Thanks for this conversation!

By: Gerhard Koller (Gerhard)
2013-02-22 23:33:57 WIB (+0700)

I will be interested in that matter. Lactarius is a rather easy genus but there are also some tricky “borderline species” ;)

By: Irene Andersson (irenea)
2013-02-22 23:22:11 WIB (+0700)

I never liked the idea of making hemicyaneus a synonym of quieticolor like it is in all my books and IndexFungorum too. But not according to MycoBank(!)
After all, they were both described by Romagnesi. I’ll see if I can find out how they were meant to differ in his descriptions.

Color change
By: Gerhard Koller (Gerhard)
2013-02-22 22:46:43 WIB (+0700)

is like in semisanguifluus, but didn’t scope them (my colleague on this trip is a mycophagist so they got annected). But they fruit every late fall on the same spot. I will look this year.
Hm, we do not have fennoscandicus. No green turning milk, they all turn violet, red and the like. Could this be a discrepancy in species concept once again?
Or is it possible that L. hemicyaneus does occur in Central Europe despite literature? I am not familiar with it. On my trips to Southern Europe I hadn’t had the luck of finding this species up to now, maybe this year when I will be near Marseille in November.

I have seen 3 species
By: Irene Andersson (irenea)
2013-02-22 22:00:11 WIB (+0700)

showing blue context below the cap cuticle: semisanguifluus, quieticolor and our northern(?) fennoscandicus. The only one of those that I find in swampy areas, with spruce, is fennoscandicus. It has slightly smaller spores than the others, milk is orange and turning greenish, not vinaceous.
The other two grow with pine in dryer habitats. Is it possible that you have fennoscandicus in your area too, or maybe there are more species involved that aren’t described..?
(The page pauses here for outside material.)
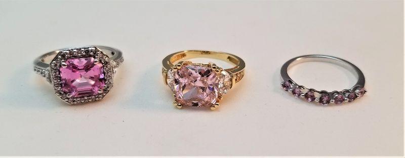 Lot # 55   Lot of Three Sterling Silver Fashion Rings - Lavender/Pink hues

Have you checked the colour change of the latex – how long it takes?
L. semisanguifluus vinaceous in 5-8 minutes, quieticolor dark red in 15-20 minutes.
L. quieticolor should also have thicker ridges on the spores (something i find difficult to compare in my microscope)

I know what you mean.
By: Gerhard Koller (Gerhard)
2013-02-22 21:24:26 WIB (+0700)

I am not sure about that at all. Lactarius semisanguifluus is, despite few data in many countries, a common species, especially in the black pine stands in Eastern Austria. Here there are no black pines but red pines and spruces. But that’s not the matter. My understanding of L. quieticolor is the blue zone between cap context and cap cuticle, hence also a proposed synonymy with L. hemicyaneus which is a southern distributed species. All my finds of L. quieticolor are from peat bogs and their margins in very wet coniferous woods and the like, especially common in Southern Bohemia. Here we have a wind-exposed but grassy and somewhat shady habitat. Ok, it fruits in late fall only. By searching my data base I found one find in the neighboring mountains where the surroundings are similar. So maybe you are right. I am just hesitating because of the summer warm, winter dry habitat of this. But then again there are a great lot of Cortinarii and Lactarii known from such habitats as in the Waldviertel and Bohemia but not the really humid loving ones as far as I would say.
Or do you mean L. quieticolor and L. semisanguifluus are the same?

Created: 2013-02-22 19:15:40 WIB (+0700)
Last modified: 2013-03-07 05:11:58 WIB (+0700)
Viewed: 84 times, last viewed: 2017-12-12 12:25:35 WIB (+0700)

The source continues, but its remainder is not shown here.